Problem to work on =
Only lines, not pictures: please repeat exactly the lines from the one with "Oversized cotton fleece" through the end of the listing.

Data =
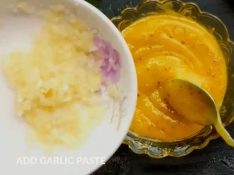 Коли ви не бачитимете вільної олії на поверхні, і емульсія стане досить щільною, можна додати перетертий із сіллю часник.
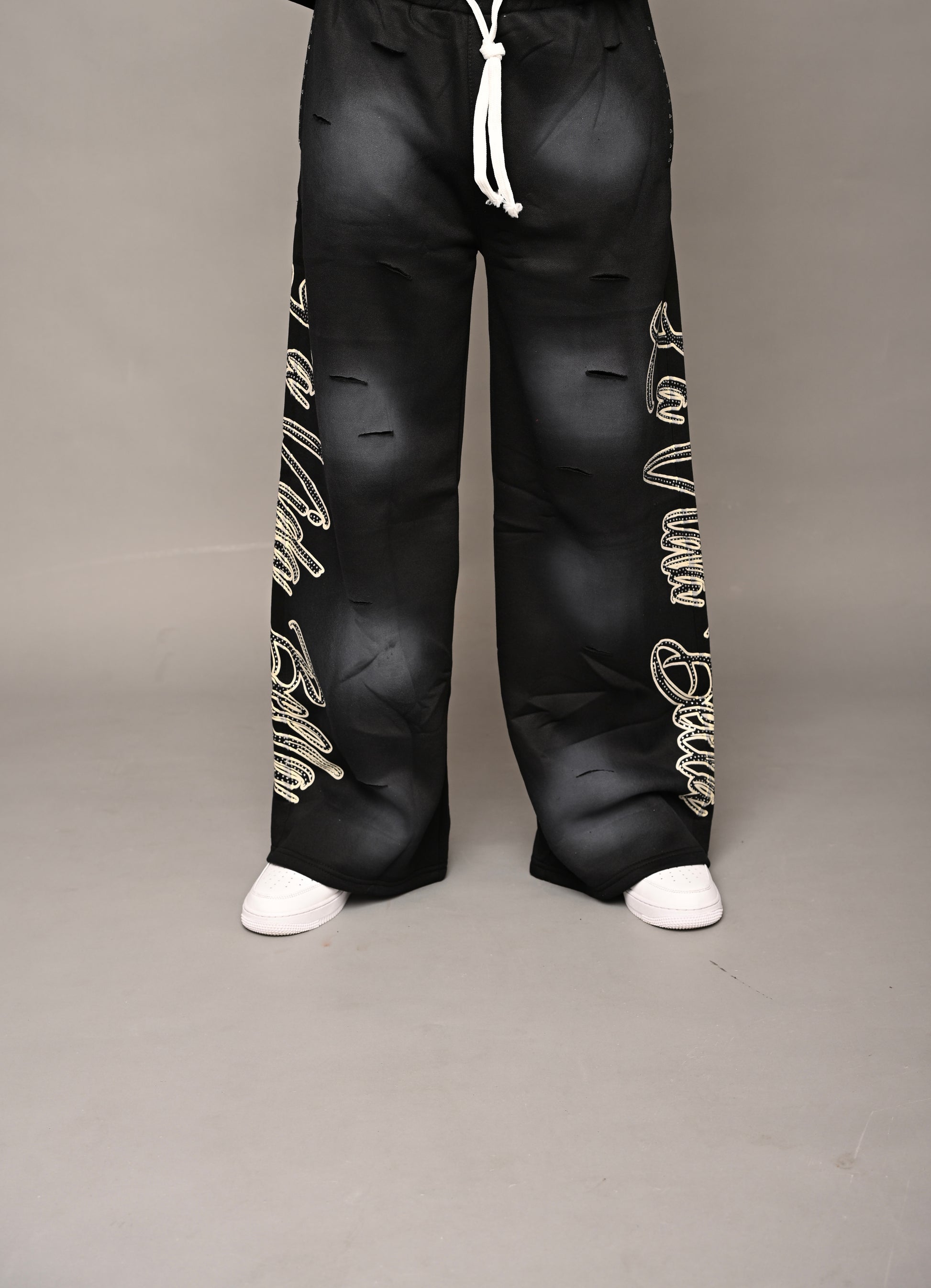 Oversized cotton fleece pants with distressed details and rhinestone “La Vida Bella” lettering down the leg. Streetwear comfort meets bold design.
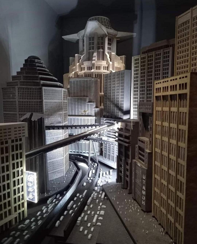 Так город будущего представляли в фильме «Метрополис» (1927). Эти декорации выставлены в немецком киномузее.
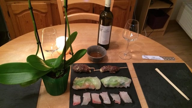 Un voyage culinaire asiatique avec 3 classiques : les rouleaux de printemps, les sashimis de Daurade et les brochettes yakitori.

Problem solution =
 Oversized cotton fleece pants with distressed details and rhinestone “La Vida Bella” lettering down the leg. Streetwear comfort meets bold design.
 Так город будущего представляли в фильме «Метрополис» (1927). Эти декорации выставлены в немецком киномузее.
 Un voyage culinaire asiatique avec 3 classiques : les rouleaux de printemps, les sashimis de Daurade et les brochettes yakitori.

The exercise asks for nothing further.